*PROBLEM TO SOLVE*: Could you repeat the whole listing below exactly, omitting any picture it holds?

*EXERCISE DATA*:
=== Begin Enclosure ===

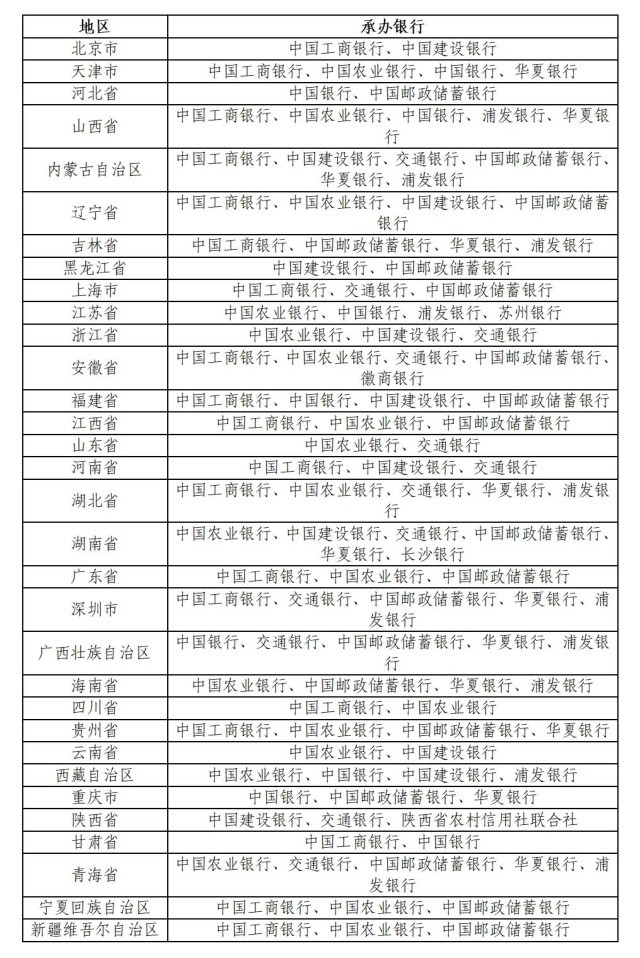 中国工商银行、中国农业银行、中国银行、中国建设银行、交通银行、中国邮政储蓄银行、华夏银行、浦发银行、苏州银行、徽商银行、长沙银行、陕西省农村信用社联合社(以下统称承办银行)共同承担中国人民抗日战争暨世界反法西斯战争胜利80周年双色铜合金纪念币的预约兑换工作。各地区具体安排如下:
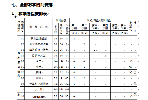 | 职业道德与法律 | 36 | 36 | 36 | 2 | 考查 | 0 | ||
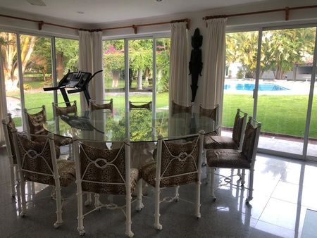 Con arboles frutales, alberca de 11 x 5 m, salón de fiestas, 3 bungalos independientes y suite completamente amueblados, casa principal con 5 recámaras, 4 baños, sala comedor, cocina, etc.
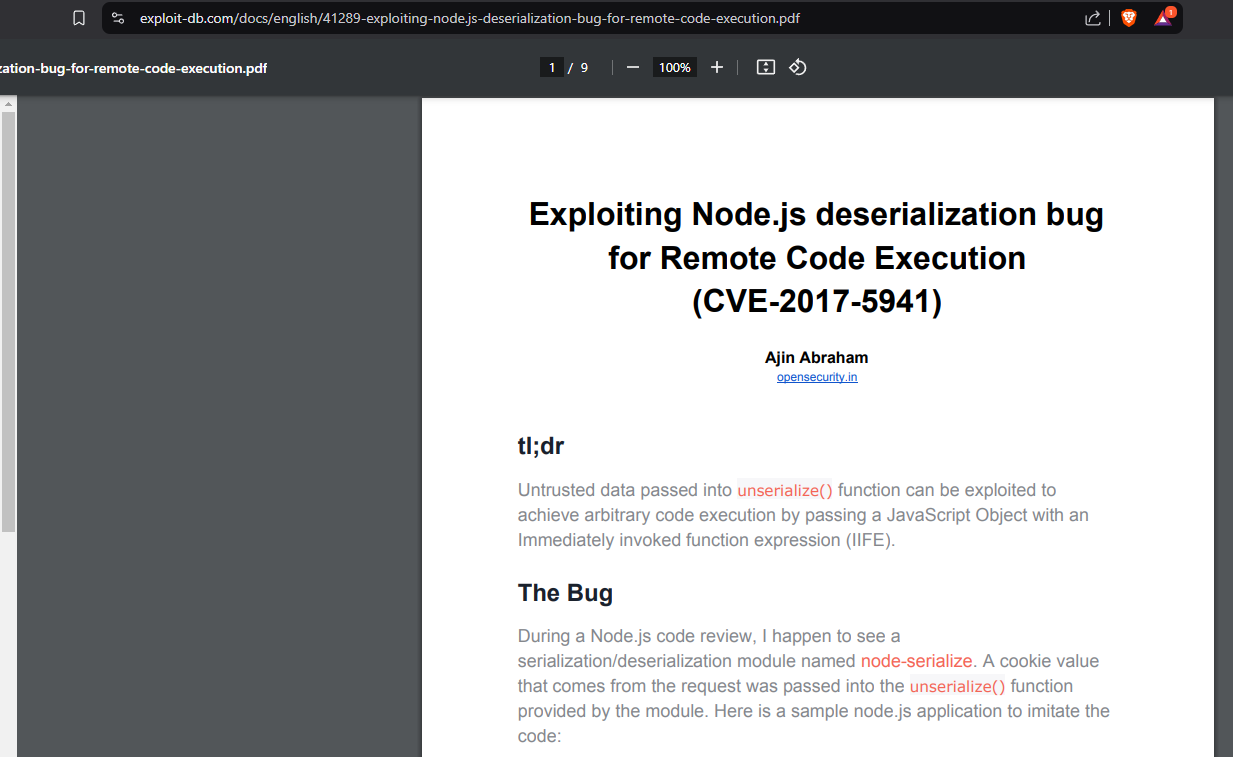 Exploited NodeJS deserialization vulnerability

=== End Enclosure ===

*REPLY*:
 中国工商银行、中国农业银行、中国银行、中国建设银行、交通银行、中国邮政储蓄银行、华夏银行、浦发银行、苏州银行、徽商银行、长沙银行、陕西省农村信用社联合社(以下统称承办银行)共同承担中国人民抗日战争暨世界反法西斯战争胜利80周年双色铜合金纪念币的预约兑换工作。各地区具体安排如下:
 | 职业道德与法律 | 36 | 36 | 36 | 2 | 考查 | 0 | ||
 Con arboles frutales, alberca de 11 x 5 m, salón de fiestas, 3 bungalos independientes y suite completamente amueblados, casa principal con 5 recámaras, 4 baños, sala comedor, cocina, etc.
 Exploited NodeJS deserialization vulnerability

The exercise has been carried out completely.